Privacy Policy

graphical divider


This Privacy policy is a statement whereby we at M&A Markets commit to protecting the rights and privacy of individuals in accordance with the Data Protection Act, 2018 (the Act) requirements and the General Data Protection Regulation 2016/679 (GDPR). The purpose of this policy is to outline how we process any personal data you provide to us while visiting M&A Markets’s websites, apps, other applications or when engaging our services (the “Service”).

1. Data Protection Principles
At M&A Markets, we undertake to perform our responsibilities under the regulation, as follows:

  • Personal data shall be collected and processed lawfully, fairly and in a transparent manner in relation to the data subject ('lawfulness, fairness and transparency');
  • Personal data shall be collected for specified, explicit and legitimate purposes and not further processed in a manner that is incompatible with those purposes; further processing for archiving purposes in the public interest, scientific or historical research purposes or statistical purposes shall, in accordance with the Act and GDPR, not be considered to be incompatible with the initial purposes ('purpose limitation');
  • Personal data shall be adequate, relevant and limited to what is necessary in relation to the purposes for which they are processed ('data minimisation');
  • Personal data shall be accurate and, where necessary, kept up to date; every reasonable step must be taken to ensure that personal data that are inaccurate, having regard to the purposes for which they are processed, are erased or rectified without delay ('accuracy');
  • Personal data shall be kept in a form which permits identification of data subjects for no longer than is necessary for the purposes for which the personal data are processed; ('storage limitation');
  • Personal data shall be processed in a manner that ensures appropriate security of the personal data, including protection against unauthorised or unlawful processing and against accidental loss, destruction or damage, using appropriate technical or organisational measures ('integrity and confidentiality')

2. Rights of the Data Subjects
We will also endeavour to uphold the rights of data subjects as laid out in the Act and GDPR as follows:

  • Provide transparent information and communication to data subjects on how to exercise their rights;
  • Provide information about our processing activities to the data subject;
  • Provide individuals with the right to obtain from us confirmation as to whether or not we are processing personal data concerning him or her and, where that is the case, access to the personal data;
  • Provide the right of rectification for individuals to correct inaccurate personal data concerning him or her;
  • Provide individuals with the right to obtain from us the erasure of personal data concerning him or her without undue delay, unless we have overriding legitimate grounds for continued processing.
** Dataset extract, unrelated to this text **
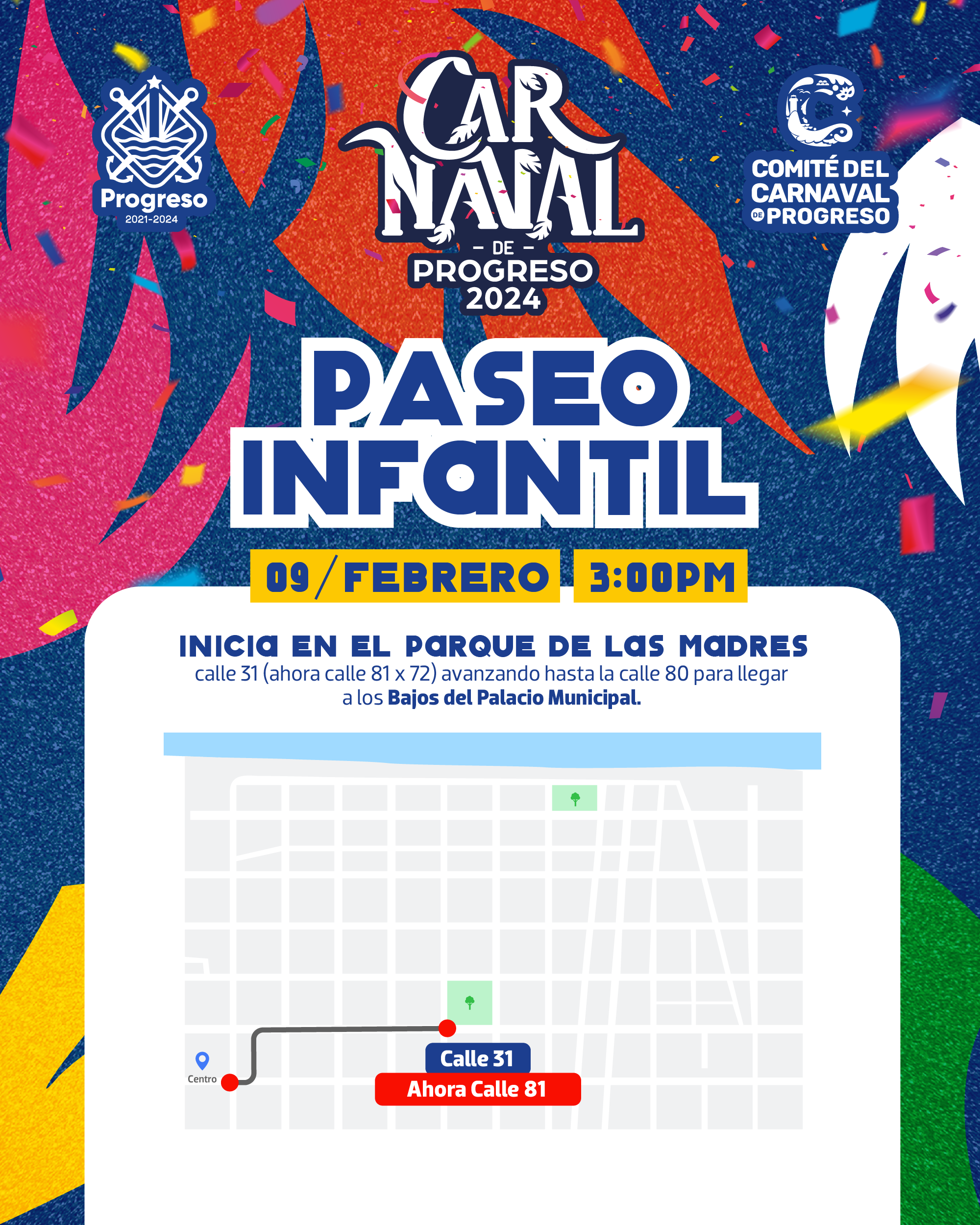 El Desfile Infantil iniciará a las 3 de la tarde en el parque de las Madres, recorrerá la calle 31 rumbo a los bajos del Palacio municipal, por lo que calles aledañas permanecerán cerradas: la 33, ahora calle 83, por 82 hasta la 70, así como la calle 29, ahora 79, por 82 y 70, y la calle 80 por 31, ahora calle 81, y 33, ahora calle 83.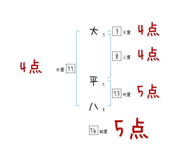 大平八さんの画数の鑑定結果

This will be handled on a case by case basis under the circumstances listed in the Act and GDPR;
  • Allow individuals to restrict the processing of their data unless we have an overriding legitimate lawful purpose for continuing to process the data;
  • Provide individuals with the right to receive the personal data concerning him or her, which he or she has provided to us, where possible, in a structured, commonly used and machine-readable format and have the right to transmit those data to another controller under the conditions listed in the Act and GDPR; and
  • Individuals shall have the right to object to processing concerning them and to have the right not to be subject to a decision based solely on automated processing, including profiling.
Please note that the above rights are not always absolute and there may be some limitations.
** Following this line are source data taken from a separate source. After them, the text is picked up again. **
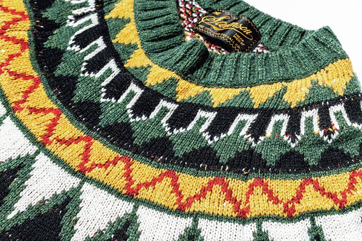 クラシカルなノルディック柄をヴィヴィッドな配色で表現。ざっくりとしたウールの特有の風合いとすっきりとしたフォルムが、スタイリングにひと華添えてくれる1枚になるはず。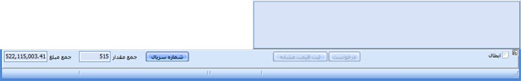 در صورت وجود درخواست كالاي مرتبط با كالاي انتخاب شده ميتوان توسط اين حوزه ارتباط بين درخواست و سند را مشخص نمود. با قرار گرفتن بر روي اين حوزه و كليك بر روي آن كليد انتخاب درخواست فعال ميشود، سپس با كليك بر روي كليد انتخاب، پنجره درخواست بازشده و رديف هاي مرتبط در پنجره درخواست (رجوع به فصل تعاريف و تنظيمات مبحث درخواست كالا) كه ميتواند با رديف مورد نظر مرتبط باشد نمايش داده مي شود و ميتوان تيك رديف مورد نظر را ثبت كرد تا در پنجره سند مشخص شود.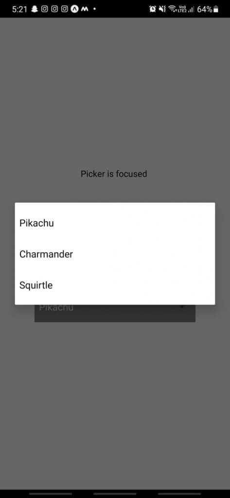 Inside the handleValueChange function, we get the itemValue, which indicates the selected value of the picker option. We also get the itemIndex, based on the sequence of rendered picker items. Inside the above handleValueChange function, we simply set the itemValue to our pokemon state using the setPokemon function.
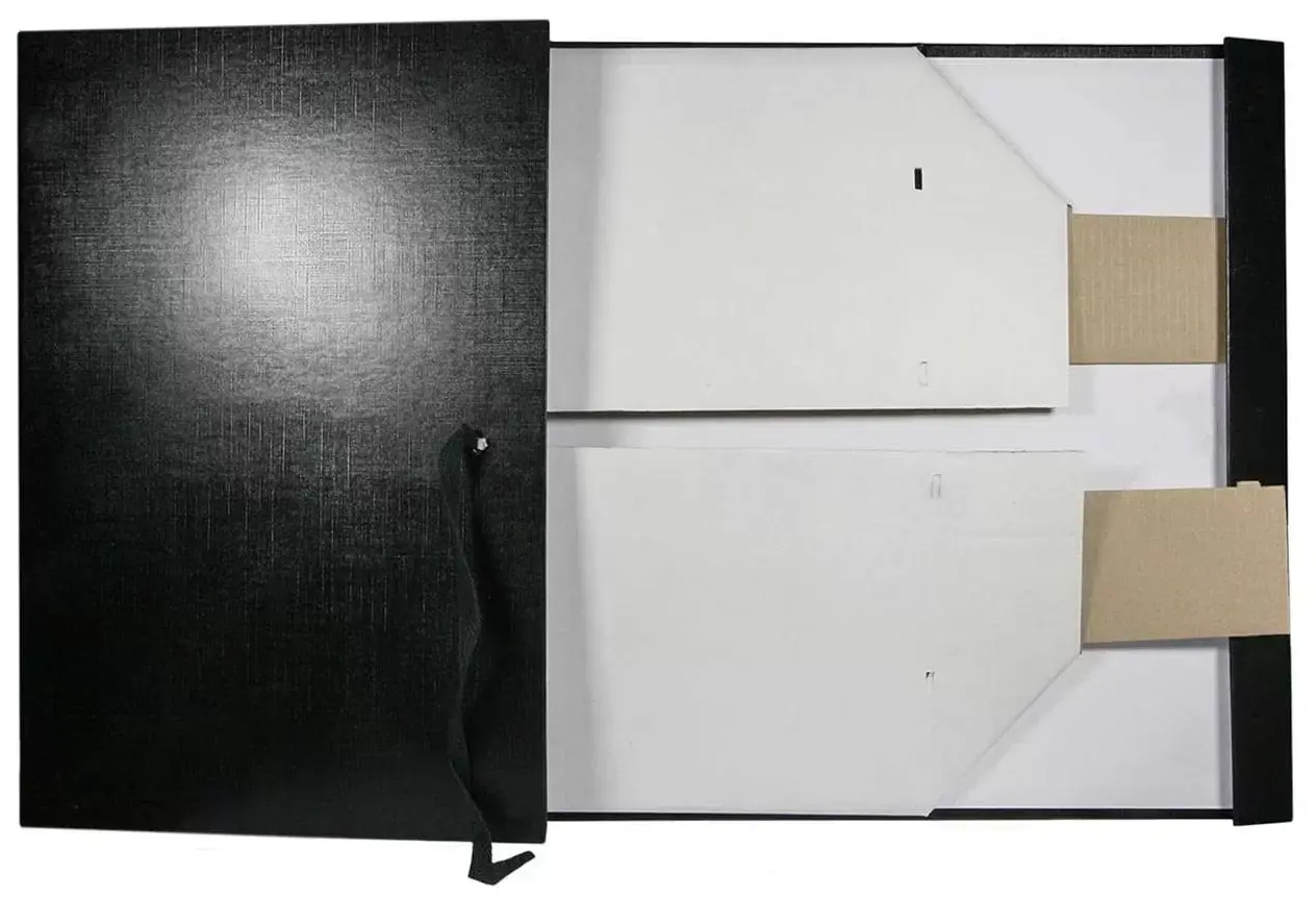 Архивный короб формат А4. Изготовлен из плотного переплетного картона, с внешней стороны покрыт бумвинилом черного цвета. С внутренней стороны белая бумага, имеются стойки-упоры разборные из гофрокартона. В закрытом виде фиксируется с помощью двух завязок. Короб вмещает до 1500 листов формата А4. Размер изделия в собранном виде - 225х155х320 мм. Упаковка в гофрокороб по 25 шт. Вес упаковки 9,7 кг. Размер упаковки 580х345х205 мм. Поставляются в разобранном виде.

3. Information We Collect From You
When you visit, register or use the Service you may be asked to provide certain information about yourself, such as your name and contact details. We may also collect information about your usage of the Service as well as specific information about your devices when using the Service, signing up for and using the Service, including, but not limited to, your device’s hardware model, operating system, web browser version, unique device identifiers and mobile network information. When you use the Service, we may collect and store certain data, including the fact that you are accessing the Service, how that access is taking place, the dates and times of such access, where you are accessing the Service and device event information like crashes, system activity and hardware settings.

4. How We Use your Personal Data
We use your data to supply you with the Service ordered by you, to bill you and to contact you about the Service. We also analyse data provided by you and others to help us administer, support and improve our business.We may use your data to contact you to tell you about important changes or developments to the Service, or to obtain your views on the Service. Where you have agreed, we may use your data to let you know about other products and services which might be of interest to you. If you want to stop receiving information about other products and services, you can opt out at any time by contacting us at

5. Lawful Basis for Processing Personal Data
M&A Markets is obligated to define a lawful basis for processing personal data. Below is a summary of our use of personal data and the lawful basis we rely on for the processing different categories of data for different purposes.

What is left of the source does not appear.